Win the keyword you actually want — bids, outbids, and renewals on hashtag.org

How keyword auctions on hashtag.org work, when to raise vs. accept being outbid, paying with Gigi credits or a card, and what happens if you stop renewing.

By hashtag.org team8 min read

Three auction paddles raised toward a glowing # symbol above a stylized map.Three auction paddles raised toward a glowing # symbol above a stylized map.

Every GEO portal on hashtag.org has two jobs. The first is to be findable when somebody already knows your #Name. That part is easy: people type your name, they land on you. The second job is to be findable when the visitor does not know your name yet — when they type “coffee shop,” or “real estate agent,” or “ai consultant,” or any of the thousand other phrases they would have typed into Google or Yelp ten years ago. That second job is what keywords solve, and it is the single highest-leverage decision you make as a portal owner. This article walks through exactly how keyword bidding works on hashtag.org, how to buy and renew, what to do when you get outbid, and how to think about which phrases are actually worth your money.

The mental model: an honest annual auction

A keyword on hashtag.org is a phrase you pay to rank for inside the search box. Visitors who type that phrase see portals ordered by their current bid, top-bid first. The mechanic is intentionally boring: there is one number per portal per phrase — the annual amount the portal owner is willing to pay for one year of that ranking position — and the portal with the highest number is shown first. We never inject ads. There is no separate “sponsored” lane. There is no algorithmic mystery layer that re-orders the result based on your watch history. It is an auction, and you can see the auction price.

That predictability is on purpose. Every other discovery system on the consumer internet has slowly become a black box that hides the spend and reorders the results for reasons you cannot inspect. We made hashtag.org the opposite: the dollar amount currently sitting in #1 for any phrase is shown to you, in plain English, including the exact figure it would cost (annual) to take it. If you want to be on top of “coffee shop” in your town, you will know what that costs before you click anything.

Buying a keyword (the actual flow)

Open your portal’s admin page from the Navbar grid menu, scroll to the “Keywords” section, and type the phrase you want. Two things will happen:

  1. We show you the current top bid for that phrase against all portals, including the incumbent owner if there is one. This is the number you have to beat to land at #1.
  2. We pre-fill an offer that is one cent higher than the current top bid (rounded sensibly). You can edit this; you can also add multiple phrases to the same purchase.
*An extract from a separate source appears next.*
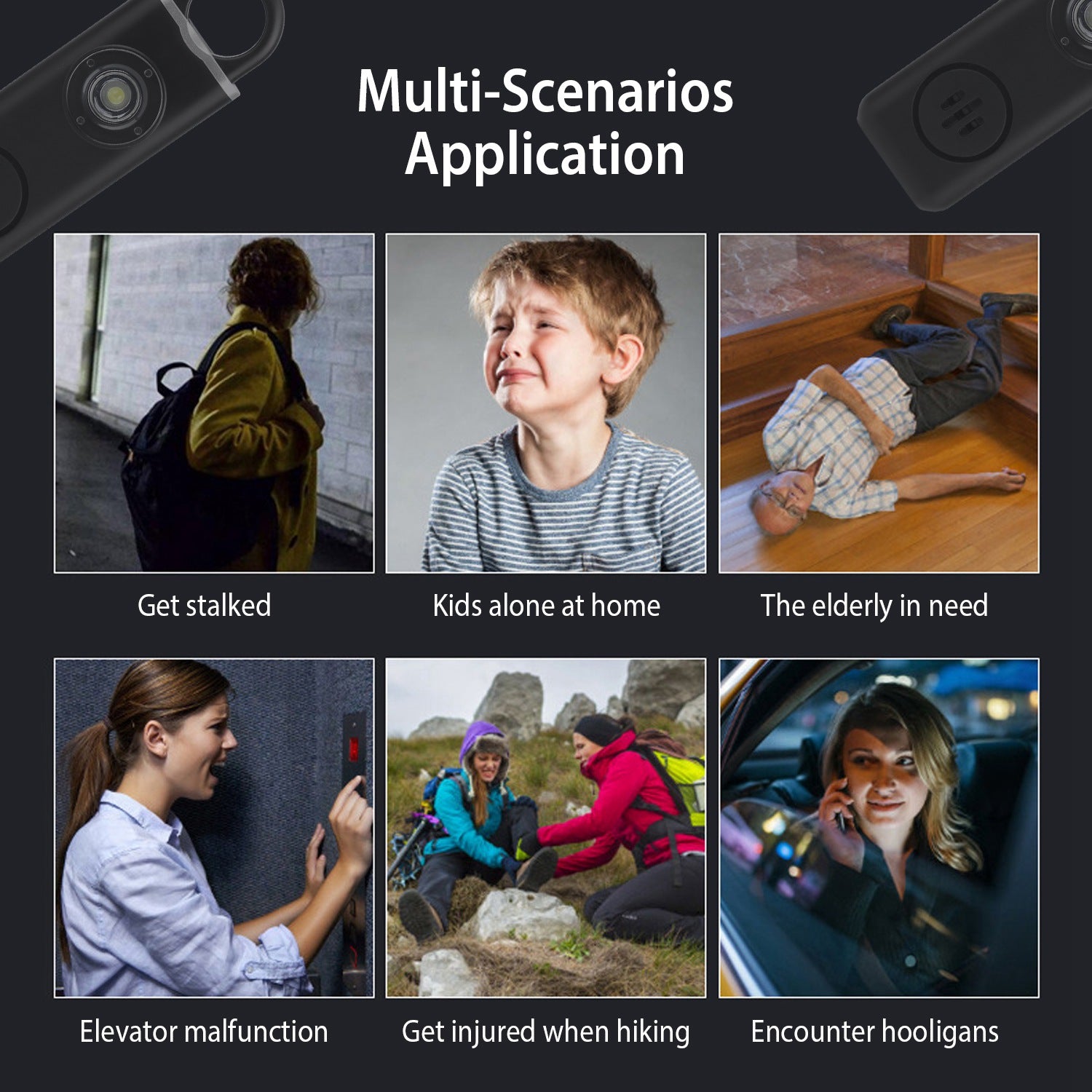 This personal safety alarm is perfect for walkers, joggers, dog walkers and hikers etc.. You can use the alarm to deter bad persons or call for help when dangerous or light your way when safe. ItÕs suitable for everyone, especially for women, kids and the elderly. Use the provided carabiner to clip it to your bag, waist, or car keys or keep in your pocket so that you can feel safer and walk with confidence.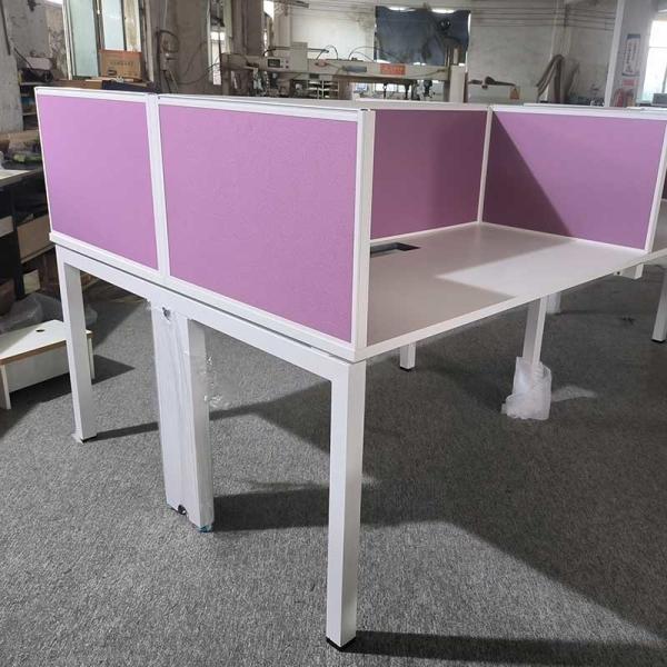 3.Accompanying the striking purple surface is a sleek white metal leg structure, which provides stability and durability. The combination of these colors creates a visually appealing contrast that brightens up any office environment. The design not only caters to individual needs but also fosters a sense of unity among team members.

From here, the price you see is the annual price — not a click price, not a CPM, not a daily budget. We charge you once for the year and we tell you exactly when your renewal will run. You then choose how to pay:

  • Buy with card. Standard fiat checkout through Stripe. The receipt is the receipt your accountant wants. The card is saved for the next renewal.
  • Pay with Gigi credits. If you already have enough Gigi credits on file (from previous top-ups, partner payouts, or refunds), you will see a button labelled “Pay with $X.XX Gigi credits”. Click it and the keyword is yours instantly — no Stripe redirect, no second receipt. Renewals can run from credits too, with a card as the fallback.
  • Pay with stablecoin (optional). If you connected a wallet, crypto checkout in USDC is available. Most portal owners do not use this; we keep it for the people who already live in Web3.

Whichever method you pick, the second the payment settles you are at #1 for that phrase. There is no “under review” queue and no editorial step. Visitors searching that phrase from that moment forward see your portal first.

Buying a single keyword vs. a bundle

You can buy multiple phrases in one transaction. Doing it that way is just convenience; the price each phrase costs is unaffected by being bundled. We recommend buying related phrases together when you can: if you are a coffee shop and you bid on “coffee”, you probably also want “espresso”, “cold brew”, and the name of your specific roastery if your customers search for it. The marginal annual cost of three more phrases at a few dollars each is usually trivial compared to losing the visitor who typed the phrase you forgot to bid on.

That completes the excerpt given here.